▸ Your assignment: All of the entries should be restated word for word, but without their pictures.

[Stored records]
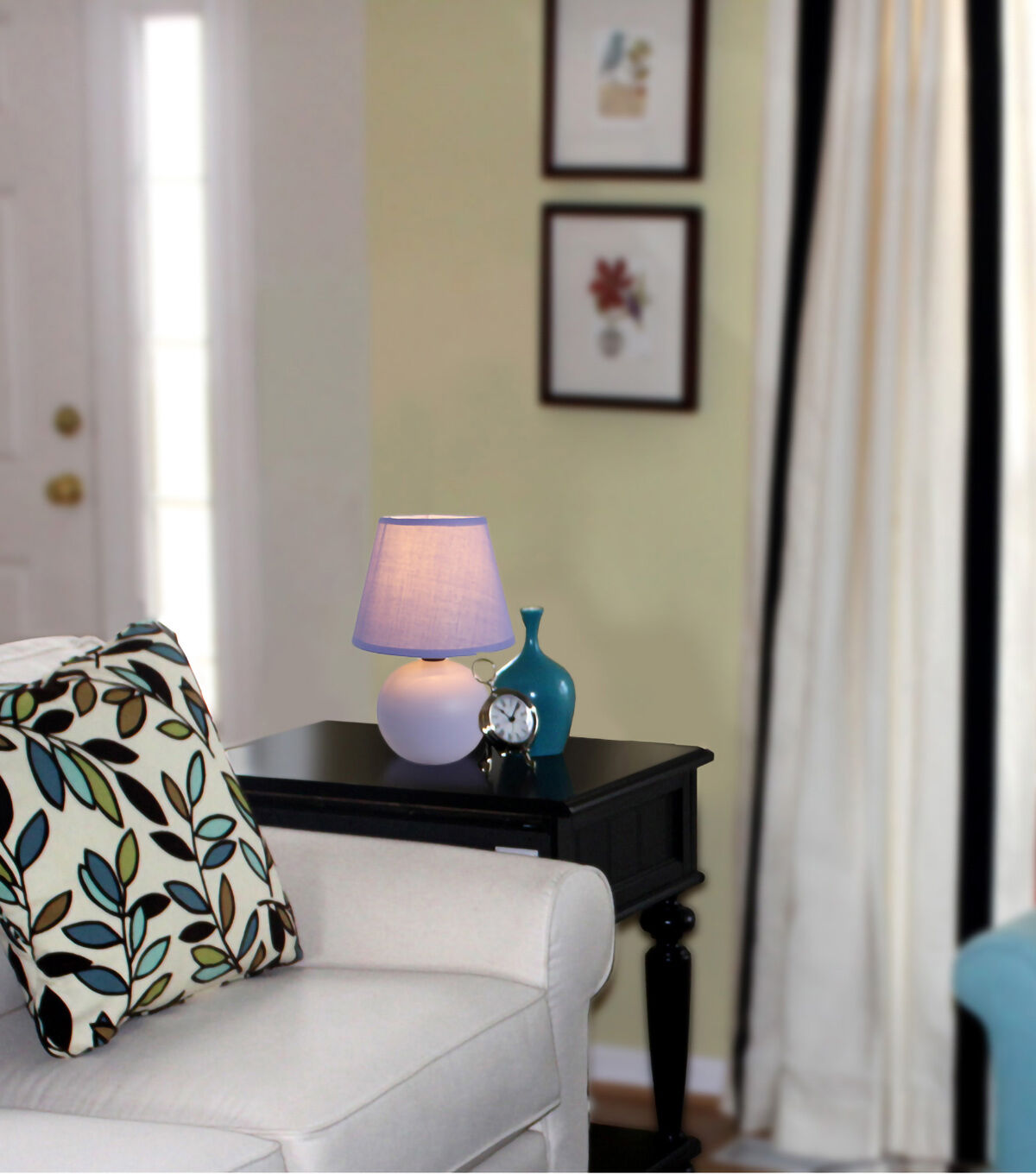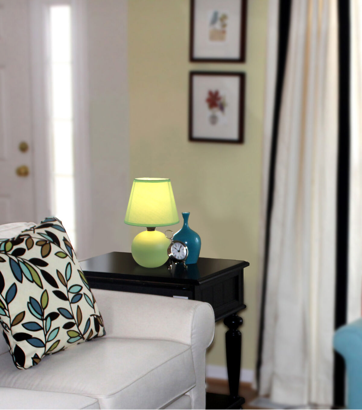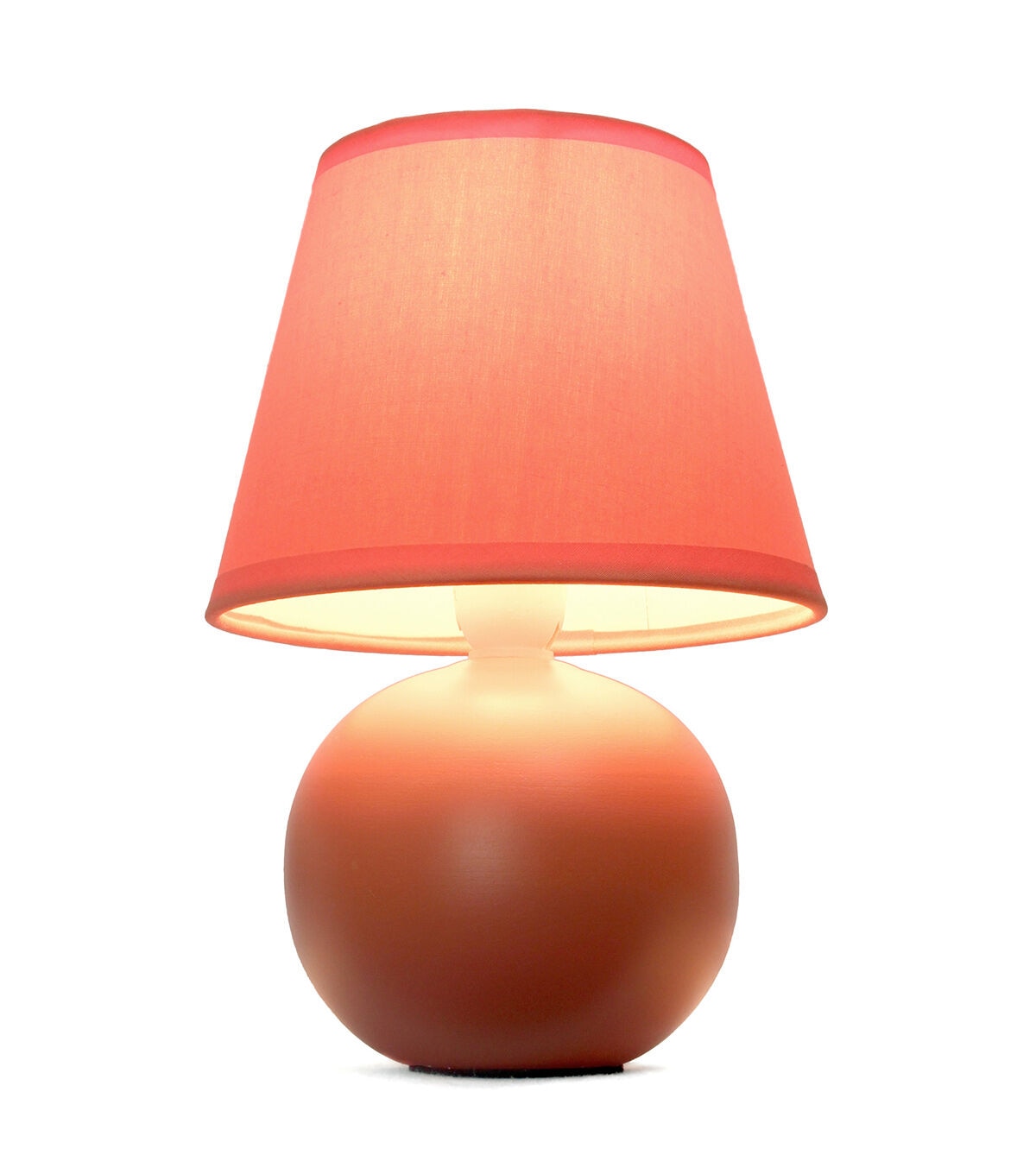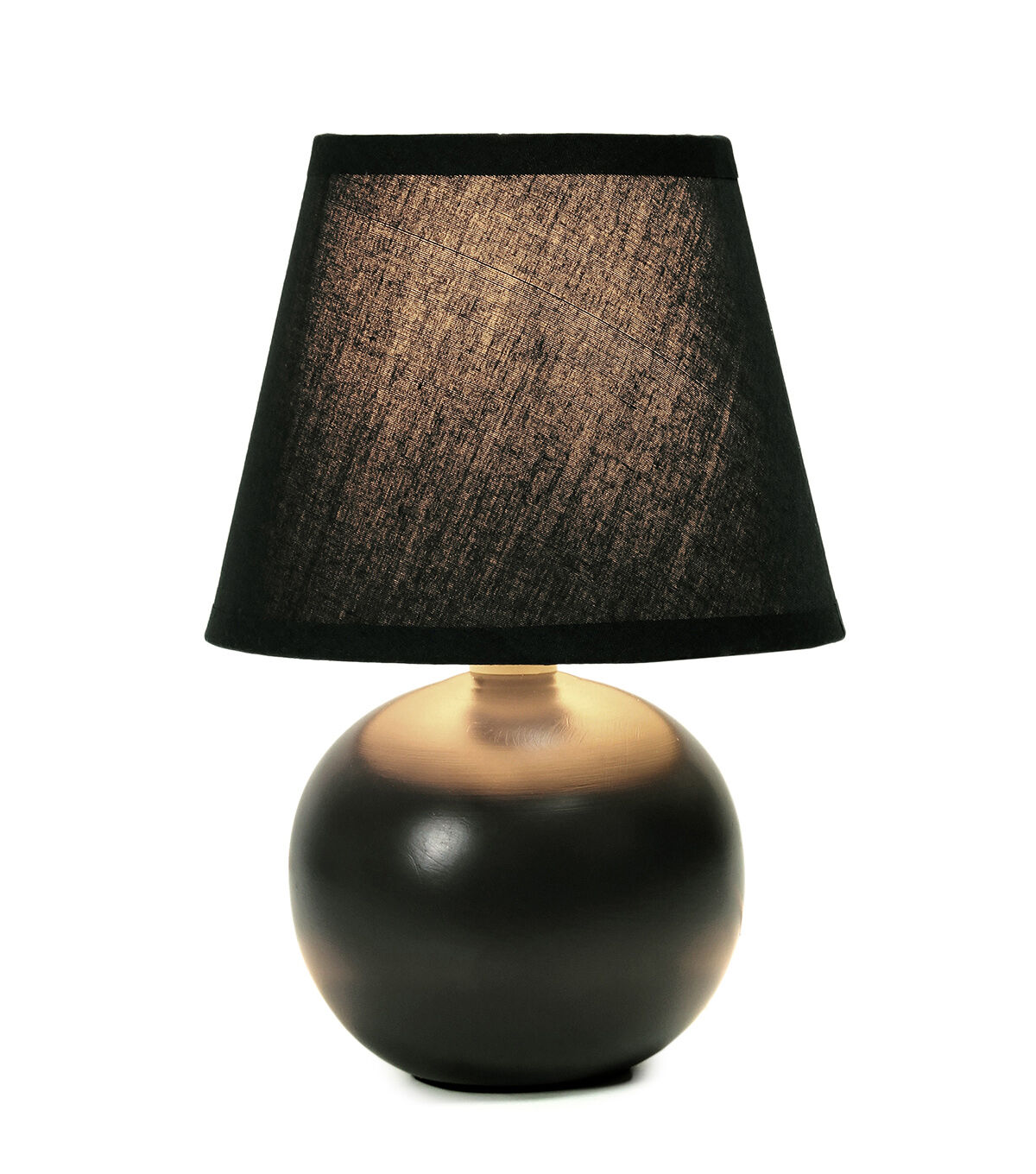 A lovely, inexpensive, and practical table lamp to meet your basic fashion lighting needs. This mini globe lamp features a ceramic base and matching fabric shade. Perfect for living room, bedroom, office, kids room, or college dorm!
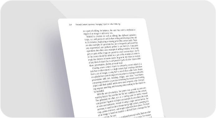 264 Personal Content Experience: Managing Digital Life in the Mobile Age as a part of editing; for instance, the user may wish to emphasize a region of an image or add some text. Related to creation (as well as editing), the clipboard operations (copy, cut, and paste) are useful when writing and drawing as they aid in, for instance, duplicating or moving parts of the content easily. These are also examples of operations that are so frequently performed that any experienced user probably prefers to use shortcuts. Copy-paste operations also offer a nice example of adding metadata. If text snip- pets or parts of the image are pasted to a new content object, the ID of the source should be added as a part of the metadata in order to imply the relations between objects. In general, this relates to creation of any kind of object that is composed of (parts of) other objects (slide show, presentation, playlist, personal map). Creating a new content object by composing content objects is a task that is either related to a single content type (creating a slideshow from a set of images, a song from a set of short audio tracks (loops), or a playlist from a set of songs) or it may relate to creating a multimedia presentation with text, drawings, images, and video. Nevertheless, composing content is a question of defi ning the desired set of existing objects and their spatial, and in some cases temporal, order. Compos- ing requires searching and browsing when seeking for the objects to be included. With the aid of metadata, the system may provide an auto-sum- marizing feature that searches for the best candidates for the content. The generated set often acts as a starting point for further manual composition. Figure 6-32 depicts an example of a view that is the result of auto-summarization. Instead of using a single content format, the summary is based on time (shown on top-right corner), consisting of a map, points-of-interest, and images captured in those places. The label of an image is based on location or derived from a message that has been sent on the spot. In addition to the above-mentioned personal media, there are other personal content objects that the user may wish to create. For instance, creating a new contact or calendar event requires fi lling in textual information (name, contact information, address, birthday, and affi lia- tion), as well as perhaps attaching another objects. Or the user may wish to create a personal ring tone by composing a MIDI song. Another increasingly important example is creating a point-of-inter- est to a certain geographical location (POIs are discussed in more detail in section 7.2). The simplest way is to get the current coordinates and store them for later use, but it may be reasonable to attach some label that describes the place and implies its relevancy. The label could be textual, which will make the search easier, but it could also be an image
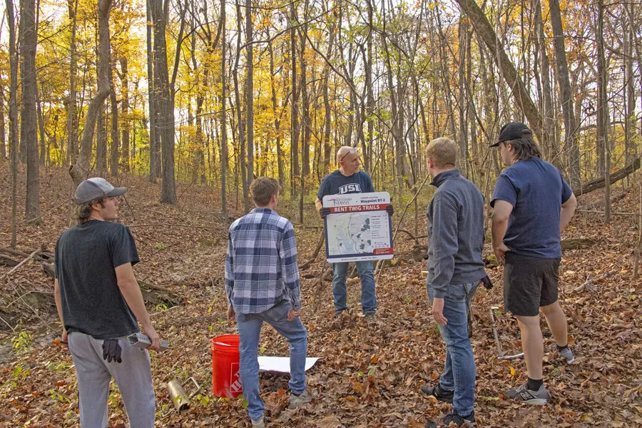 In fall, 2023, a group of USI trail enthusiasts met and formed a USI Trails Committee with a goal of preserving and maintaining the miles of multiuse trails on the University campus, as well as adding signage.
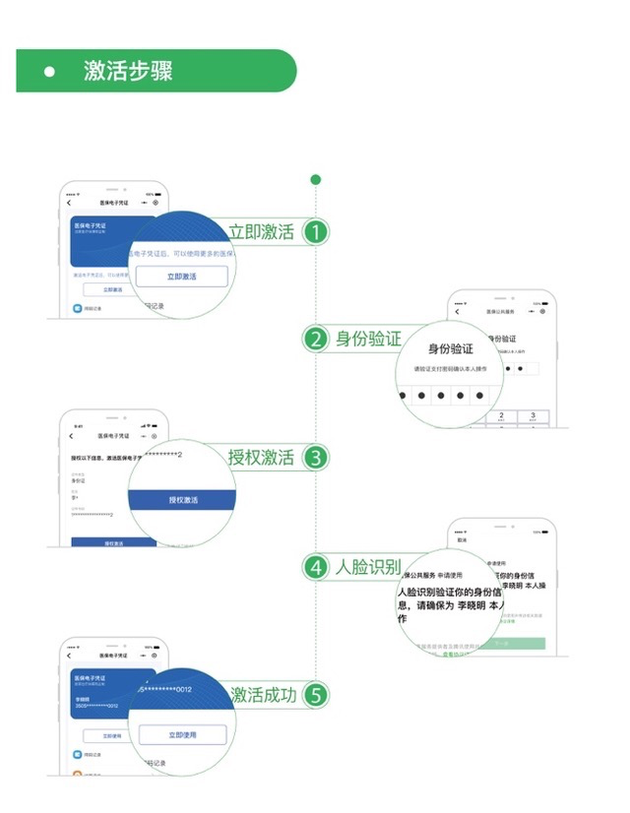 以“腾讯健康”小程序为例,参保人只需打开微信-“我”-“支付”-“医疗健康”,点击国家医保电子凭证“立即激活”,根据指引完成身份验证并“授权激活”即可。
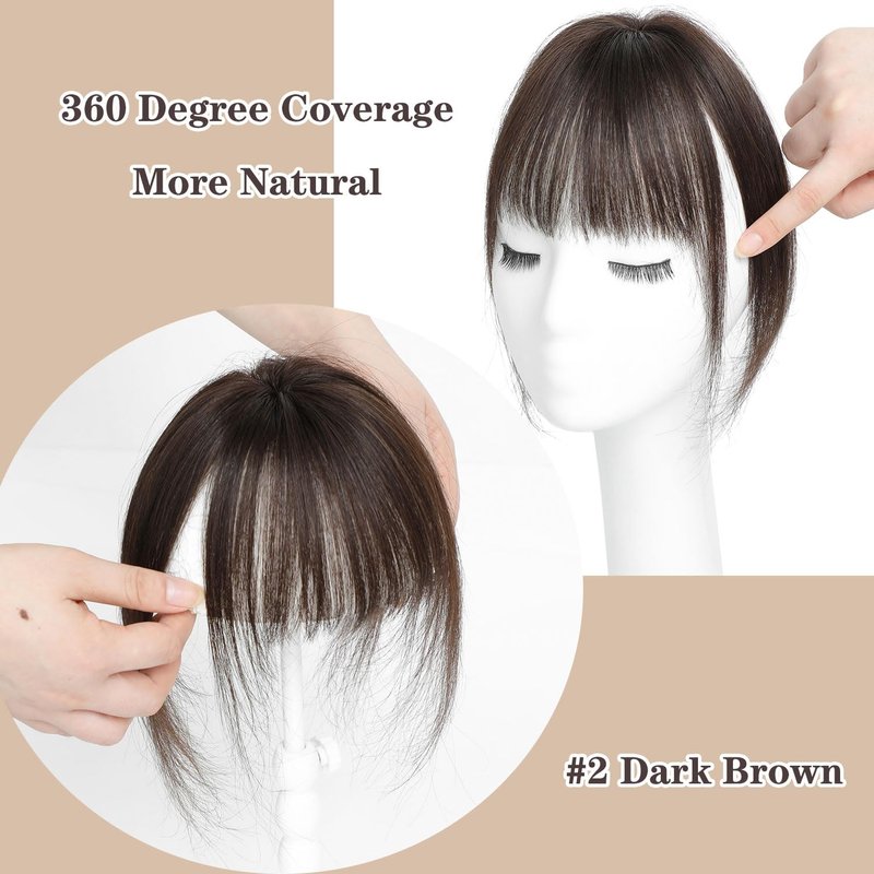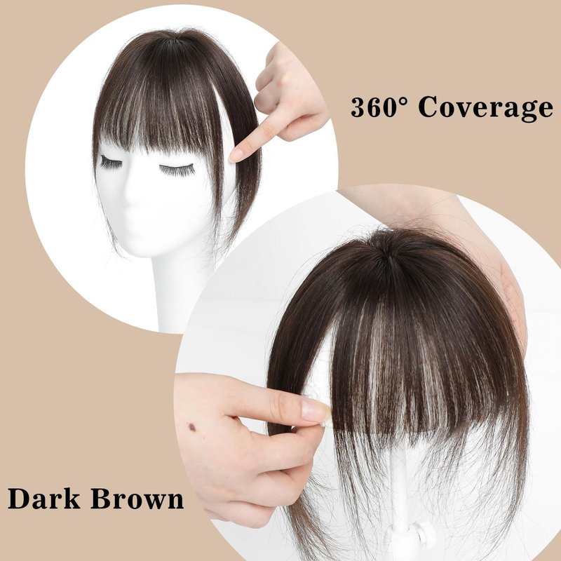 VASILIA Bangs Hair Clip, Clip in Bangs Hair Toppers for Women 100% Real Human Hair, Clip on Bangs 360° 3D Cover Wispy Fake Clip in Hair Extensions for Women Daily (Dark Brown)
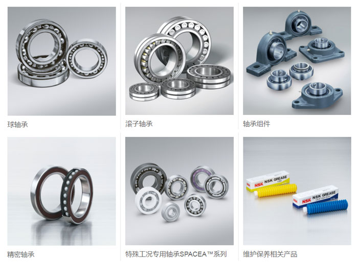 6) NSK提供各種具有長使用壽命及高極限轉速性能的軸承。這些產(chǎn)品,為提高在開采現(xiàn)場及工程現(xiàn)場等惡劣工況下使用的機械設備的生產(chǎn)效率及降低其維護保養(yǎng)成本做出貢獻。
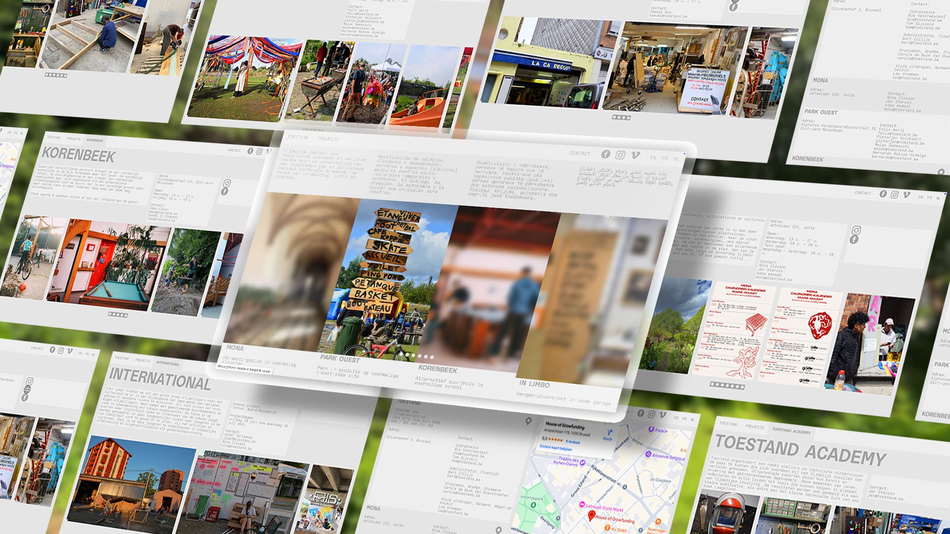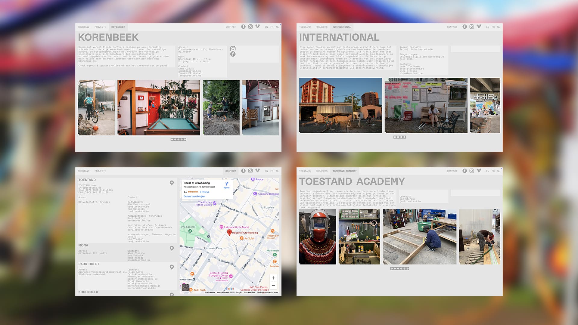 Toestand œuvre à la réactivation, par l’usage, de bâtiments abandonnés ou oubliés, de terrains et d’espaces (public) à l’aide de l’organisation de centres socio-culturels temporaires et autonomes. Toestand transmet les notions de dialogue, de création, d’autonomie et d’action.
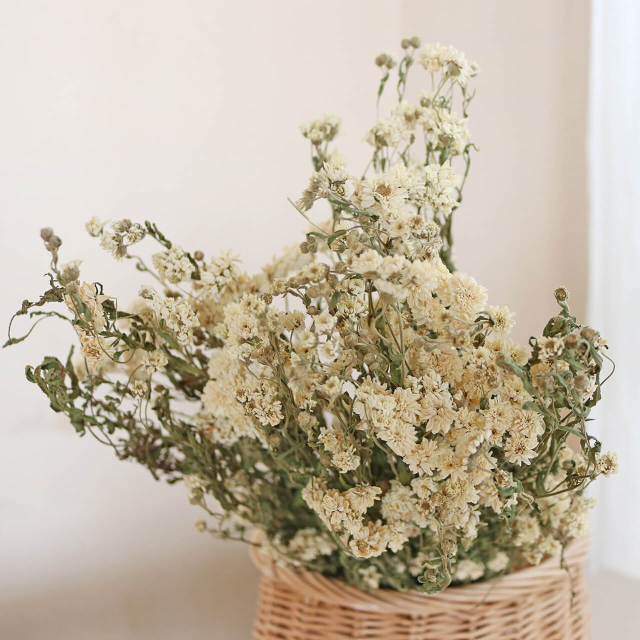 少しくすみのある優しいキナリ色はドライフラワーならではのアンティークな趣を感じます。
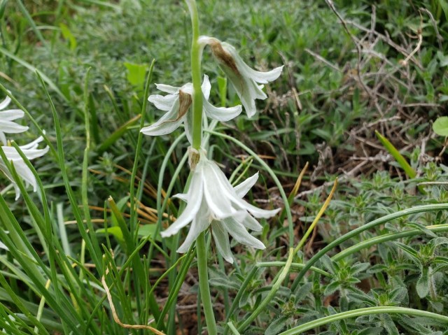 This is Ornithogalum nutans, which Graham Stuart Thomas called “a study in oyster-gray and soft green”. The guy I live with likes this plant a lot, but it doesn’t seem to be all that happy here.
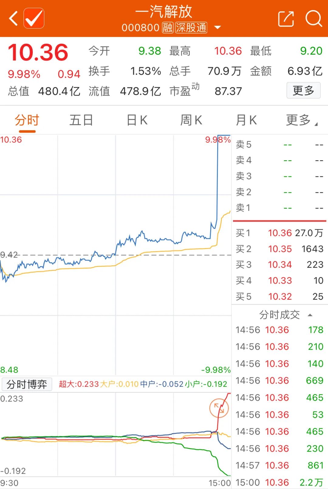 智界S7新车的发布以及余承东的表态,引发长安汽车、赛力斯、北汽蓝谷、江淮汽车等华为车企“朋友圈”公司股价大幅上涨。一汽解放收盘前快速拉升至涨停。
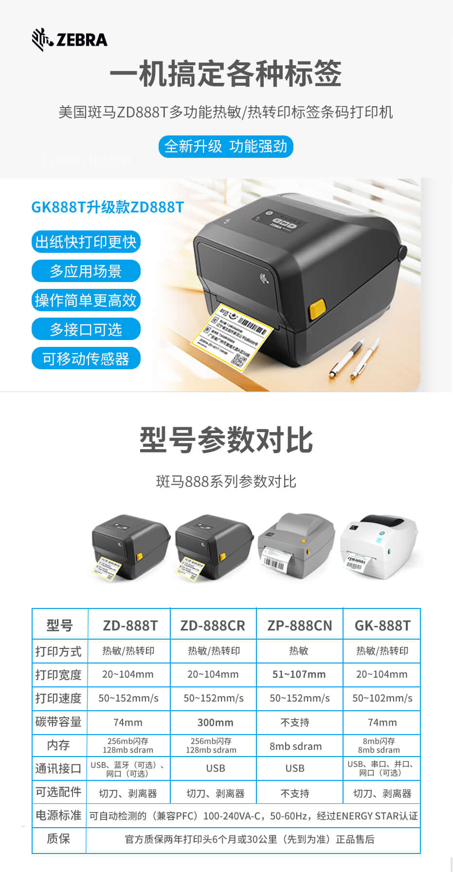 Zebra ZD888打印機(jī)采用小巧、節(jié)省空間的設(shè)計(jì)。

▸ Solution:
 A lovely, inexpensive, and practical table lamp to meet your basic fashion lighting needs. This mini globe lamp features a ceramic base and matching fabric shade. Perfect for living room, bedroom, office, kids room, or college dorm!
 264 Personal Content Experience: Managing Digital Life in the Mobile Age as a part of editing; for instance, the user may wish to emphasize a region of an image or add some text. Related to creation (as well as editing), the clipboard operations (copy, cut, and paste) are useful when writing and drawing as they aid in, for instance, duplicating or moving parts of the content easily. These are also examples of operations that are so frequently performed that any experienced user probably prefers to use shortcuts. Copy-paste operations also offer a nice example of adding metadata. If text snip- pets or parts of the image are pasted to a new content object, the ID of the source should be added as a part of the metadata in order to imply the relations between objects. In general, this relates to creation of any kind of object that is composed of (parts of) other objects (slide show, presentation, playlist, personal map). Creating a new content object by composing content objects is a task that is either related to a single content type (creating a slideshow from a set of images, a song from a set of short audio tracks (loops), or a playlist from a set of songs) or it may relate to creating a multimedia presentation with text, drawings, images, and video. Nevertheless, composing content is a question of defi ning the desired set of existing objects and their spatial, and in some cases temporal, order. Compos- ing requires searching and browsing when seeking for the objects to be included. With the aid of metadata, the system may provide an auto-sum- marizing feature that searches for the best candidates for the content. The generated set often acts as a starting point for further manual composition. Figure 6-32 depicts an example of a view that is the result of auto-summarization. Instead of using a single content format, the summary is based on time (shown on top-right corner), consisting of a map, points-of-interest, and images captured in those places. The label of an image is based on location or derived from a message that has been sent on the spot. In addition to the above-mentioned personal media, there are other personal content objects that the user may wish to create. For instance, creating a new contact or calendar event requires fi lling in textual information (name, contact information, address, birthday, and affi lia- tion), as well as perhaps attaching another objects. Or the user may wish to create a personal ring tone by composing a MIDI song. Another increasingly important example is creating a point-of-inter- est to a certain geographical location (POIs are discussed in more detail in section 7.2). The simplest way is to get the current coordinates and store them for later use, but it may be reasonable to attach some label that describes the place and implies its relevancy. The label could be textual, which will make the search easier, but it could also be an image
 In fall, 2023, a group of USI trail enthusiasts met and formed a USI Trails Committee with a goal of preserving and maintaining the miles of multiuse trails on the University campus, as well as adding signage.
 以“腾讯健康”小程序为例,参保人只需打开微信-“我”-“支付”-“医疗健康”,点击国家医保电子凭证“立即激活”,根据指引完成身份验证并“授权激活”即可。
 VASILIA Bangs Hair Clip, Clip in Bangs Hair Toppers for Women 100% Real Human Hair, Clip on Bangs 360° 3D Cover Wispy Fake Clip in Hair Extensions for Women Daily (Dark Brown)
 6) NSK提供各種具有長使用壽命及高極限轉速性能的軸承。這些產(chǎn)品,為提高在開采現(xiàn)場及工程現(xiàn)場等惡劣工況下使用的機械設備的生產(chǎn)效率及降低其維護保養(yǎng)成本做出貢獻。
 Toestand œuvre à la réactivation, par l’usage, de bâtiments abandonnés ou oubliés, de terrains et d’espaces (public) à l’aide de l’organisation de centres socio-culturels temporaires et autonomes. Toestand transmet les notions de dialogue, de création, d’autonomie et d’action.
 少しくすみのある優しいキナリ色はドライフラワーならではのアンティークな趣を感じます。
 This is Ornithogalum nutans, which Graham Stuart Thomas called “a study in oyster-gray and soft green”. The guy I live with likes this plant a lot, but it doesn’t seem to be all that happy here.
 智界S7新车的发布以及余承东的表态,引发长安汽车、赛力斯、北汽蓝谷、江淮汽车等华为车企“朋友圈”公司股价大幅上涨。一汽解放收盘前快速拉升至涨停。
 Zebra ZD888打印機(jī)采用小巧、節(jié)省空間的設(shè)計(jì)。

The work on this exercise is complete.